Thus, the term "prodrug" also refers to a precursor of a
biologically active compound that is pharmaceutically acceptable. A
prodrug may be inactive when administered to a subject, i.e. an
ester, but is converted in vivo to an active compound, for example,
by hydrolysis to the free carboxylic acid or free hydroxyl. The
prodrug compound often offers advantages of solubility, tissue
compatibility or delayed release in an organism. The term "prodrug"

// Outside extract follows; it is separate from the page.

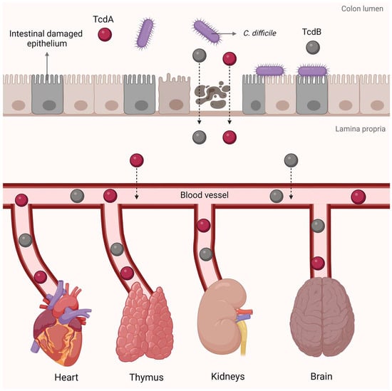 During CDI, C. difficile toxins TcdA and TcdB can breach the intestinal barrier and enter the bloodstream, resulting in systemic toxemia. Elevated levels of these toxins in the bloodstream can cause damage outside the colon, leading to dysfunction in multiple organs such as the heart, thymus, kidneys, and brain.

is also meant to include any covalently bonded carriers, which
release the active compound in vivo when such prodrug is
administered to a subject. Prodrugs of an active compound may be
prepared by modifying functional groups present in the active
compound in such a way that the modifications are cleaved, either
in routine manipulation or in vivo, to the parent active compound.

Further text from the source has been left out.